Шанхай хмыкнул, ничем не выказывая удивление. Подумаешь, отчество никому не называл… Похоже, с Филиппом у него состоялся весьма увлекательный разговор, после которого удивляться таким мелочам было попросту глупо.

— Ну, тогда всем снова здрасте, — весело поздоровался он, задвигая рюкзак в угол. — Не сидится мне на месте, да и вам, гляжу, тоже.

— Шило колется, куда ни сядем, — беззлобно фыркнула Алёна, стараясь не подать виду, насколько рада появлению стопщика. Разнообразие в его лице обещало веселые байки и разговоры, не дающие заскучать за рулем. А ещё — тягостная атмосфера окончательно развеялась, и дорога больше не казалась такой унылой.

— О, то-то сразу почувствовал родственные души, — охотно поддержал разговор Шанхай. Широкая улыбка скрадывала даже уродующие лицо ожоги. Понаблюдав за Шанхаем, Сиф ещё в прошлый раз понял, отчего тому удается «стоп», где внешность играет немаловажную роль — первой скрипки, первого рояля и самого большого барабана заодно, так как человека сначала видят, а потом уже, взяв в машину, знакомятся с характером. Но когда Шанхай так улыбался, ожоги вовсе не пугали. Их было как-то… не видно. Не цепляло взгляд.

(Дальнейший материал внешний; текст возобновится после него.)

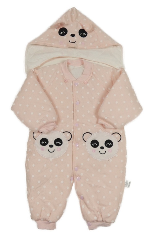 Svetloružová tepláková zateplená kombinéza s pandami a odopínacíá kapucňou

… От Шанхая веяло пылью, Дорогой и солнцем — беспечным и летним. Он мог без устали травить анекдоты и рассказывать байки и небылицы. О себе он тоже охотно говорил: оказывается, он был женат и даже имел двух детей, четырнадцати и шестнадцати лет отроду, родился и вырос в Лесене, и семья его жила там же. А когда Заболотин поинтересовался, как, мол, семья реагирует на такого «Снусмумрика», спокойно ответил:

— А чего реагировать? Положительно реагирует!

— Это как?

— А мы развелись, — всё с той же улыбкой пояснил Шанхай. — Года три назад. С тех пор и мотаюсь по стране без постоянной прописки. А что?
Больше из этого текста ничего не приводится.